In contrast, OC predictions were consistently much higher than measured values, often by an order of magnitude. This discrepancy reflects the use of Insight’s default national-average carbon intensity during simulation, whereas the measured OC values are based on UCF-specific electricity procurement and Florida regional grid emission factors. Because OC is directly tied to emission coefficients rather than energy demand alone, the surrogate model inevitably reproduced this overestimation.
These results highlight three key findings:
  • energy predictions generalized well across building sizes, functions, and schedule assumptions;
  • carbon predictions were systematically inflated, not due to model error, but because the underlying simulations used non-localized emission factors; and
  • regional carbon-factor adjustments are necessary to obtain realistic OC and TC estimates for Florida-based buildings.
This stage of the analysis therefore confirmed that the surrogate model is reliable for predicting energy use but requires region-specific emission inputs to achieve accurate operational-carbon predictions, an issue addressed in the carbon-factor correction described in the next section.

Carbon Factor Correction

The validation results showed that the carbon estimates produced by Insight were consistently higher than the measured values for the two UCF buildings. This discrepancy occurred because Insight applies a generic U.S. average grid emission factor (0.45 kg CO2e/kWh), which is considerably higher than the carbon intensity of Florida’s electricity mix. To correct for this mismatch, Operational Carbon values were recalculated using the region-specific emission factor from EPA eGRID (2024) for the Florida Reliability Coordinating Council (FRCC) subregion: 0.331 kg CO2e/kWh (see Table 16).
Table 16. Regional carbon factor adjustments for UCF buildings.
This adjustment was applied only to OC and TCI20 because both indicators are directly tied to electricity-related emissions. EUI and OE were unchanged, as they represent energy use rather than carbon output, and EC is unrelated to grid electricity.
After recalculating OC and TCI20 with the Florida-specific factor, the ML models were retrained to reflect the corrected carbon baseline. The updated models showed notably better agreement with the measured data, indicating that the regional adjustment improved the realism of the carbon predictions. The correction also reduced the spread between operational schedule scenarios, producing more stable TCI20 differences for UCF Global and yielding values for UCF Research I that better matched expected local conditions.
Overall, applying the regional emission factor increased consistency across building types, strengthened the calibration of the surrogate model, and aligned the analysis with the carbon-accounting method used in UCF’s LEED reporting practices. This step ensures that the BIM-ML framework provides carbon predictions that are reflective of the electricity grid where the buildings operate.

4. Discussion

The BIM-ML framework developed in this study performed well across all prediction tasks, showing that ML surrogates can support early design evaluations of office buildings. Among the tested algorithms, the RF model delivered the most accurate and stable results for both energy and carbon metrics, consistently achieving high R2 values and low error rates. These outcomes indicate that the surrogate effectively captured nonlinear interactions among geometry, systems, and operational parameters while remaining computationally efficient.
Feature-importance results offered further insight into which parameters most influenced performance.
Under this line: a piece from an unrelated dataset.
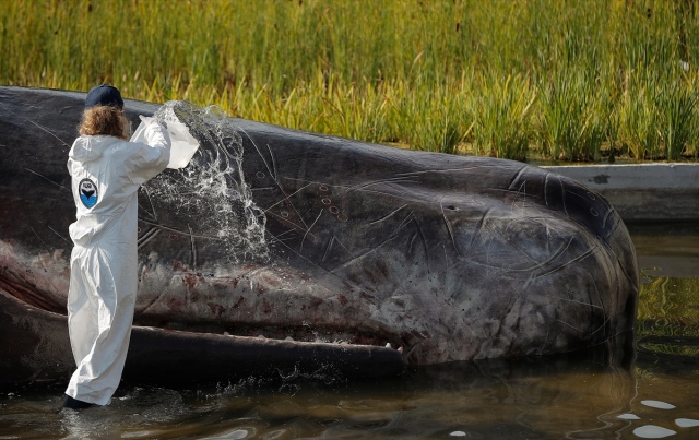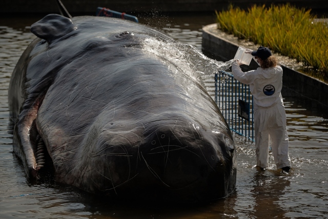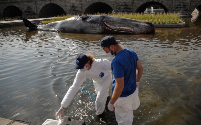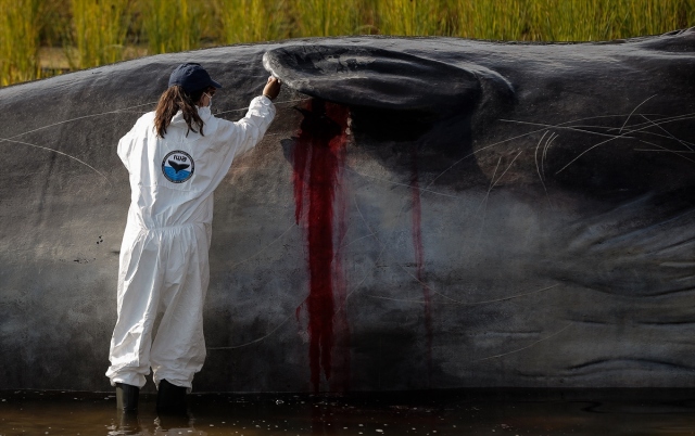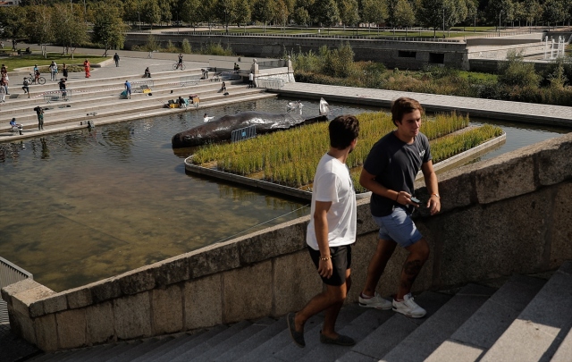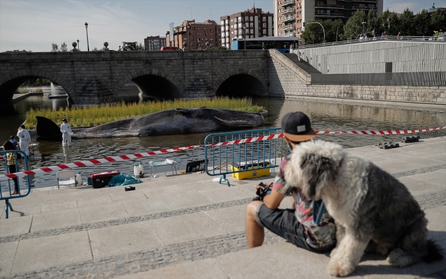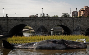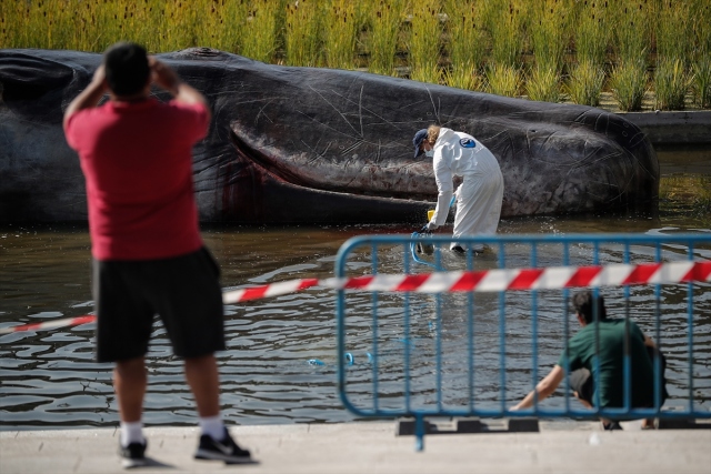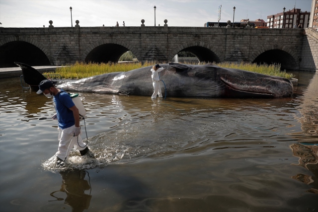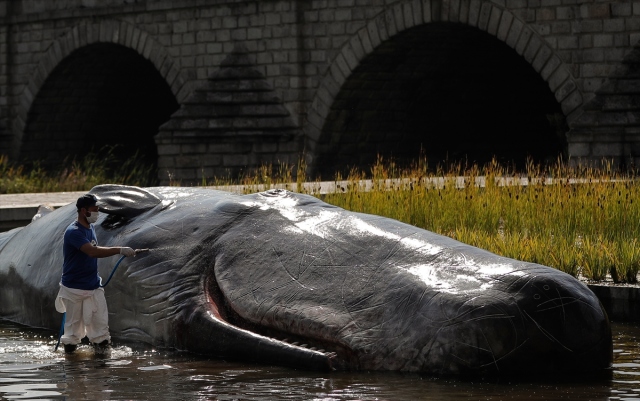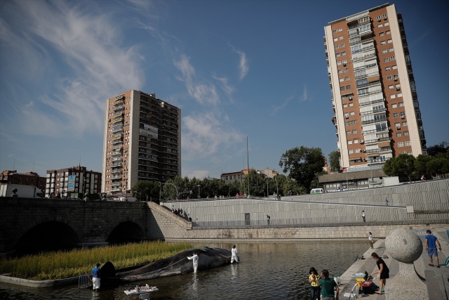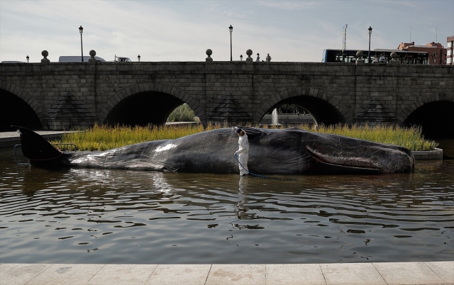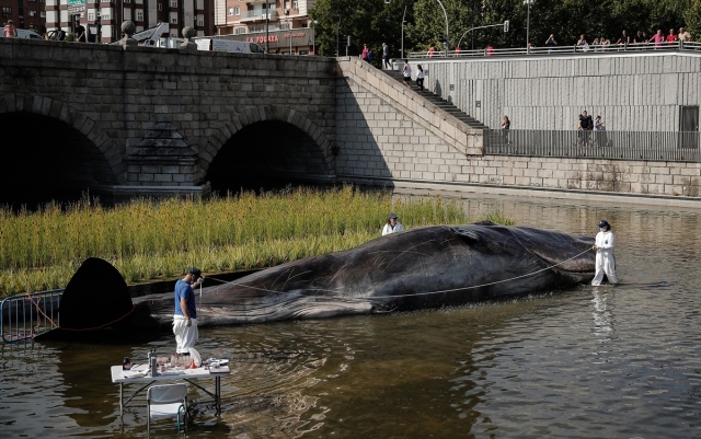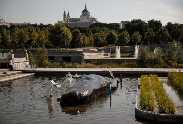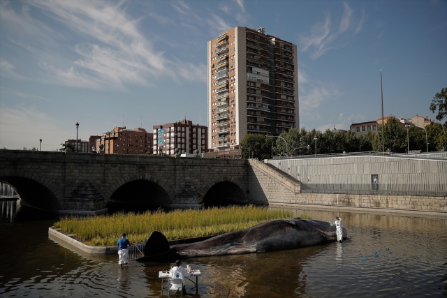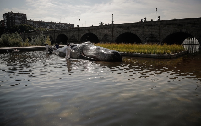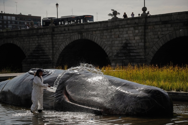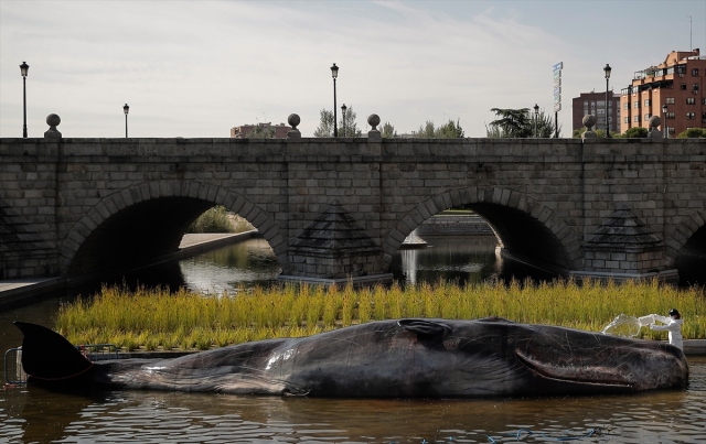 İspanya'nın başkenti Madrid'de, nehir kıyısına yerleştirilen balina heykeli ile okyanusların kirlenmesine dikkat çekildi. Belçika merkezli sanat kolektifi Captain Boomer'ın yaptığı 15 metre uzunluğunda, bir ton ağırlığındaki balina heykeli, sabah Manzanares Nehri'ne yerleştirildi. Gerçek bir balina gibi görünen heykele deniz biyoloğu kılığına girmiş sanatçılar, "müdahale" ederken, Madridliler de onları izledi.

HVAC system choice emerged as the strongest predictor of energy outcomes, followed by glazing ratios on key façades and operation schedule. These findings are consistent with established building-physics principles, especially in hot–humid climates where cooling loads dominate. For carbon indicators, HVAC system efficiency and internal load assumptions (LPD and plug loads) played central roles in shaping operational emissions, whereas EC was influenced more by geometric characteristics and façade configuration.
Climate-sensitivity tests showed that while absolute energy and carbon levels shifted across locations, reflecting differences in heating and cooling loads, the relative performance of the modeled design options remained stable. Designs that performed well in the Orlando baseline largely retained their ranking in milder or colder climates. This suggests that the surrogate captures consistent performance patterns even when applied outside its training climate, reinforcing its usefulness for early comparative evaluations.
Validation with two LEED-certified UCF buildings further tested real-world applicability. The RF model closely matched measured EUI values, with deviations within ±5%. However, OC predictions were initially overestimated due to the use of Insight’s national average carbon factor. Once emissions were recalculated using the Florida-specific eGRID factor, the surrogate’s carbon predictions aligned more closely with measured values. This highlights that accurate carbon assessment depends not only on energy-prediction quality but also on applying region-specific emission coefficients.
Overall, the results show that the RF-based BIM-ML framework provides a practical and accurate method for early performance assessment. Energy predictions remain robust across climates and validation cases, while carbon predictions improved substantially when paired with localized emission data. These findings emphasize the value of ML surrogates in early design while also identifying key methodological considerations for reliable carbon evaluation.

4.1. Methodological Contributions

The study contributes a structured methodology that combines DOE principles with BIM-based simulations to generate a balanced and statistically meaningful dataset. The reduced-factorial DOE ensured broad coverage of parameter interactions while keeping the simulation workload manageable. This approach supports transparency, reproducibility, and efficient exploration of the early-design space.
The workflow linking Revit, Insight, and Weka demonstrates that high-quality training data and ML analysis can be produced using standard design and simulation tools without custom coding. Insight provided consistent energy and carbon outputs grounded in ASHRAE 90.1 Appendix G assumptions, while Weka offered accessible model-building and feature-importance analysis. Together, these tools create a repeatable pipeline that can be adapted to other climates or building types.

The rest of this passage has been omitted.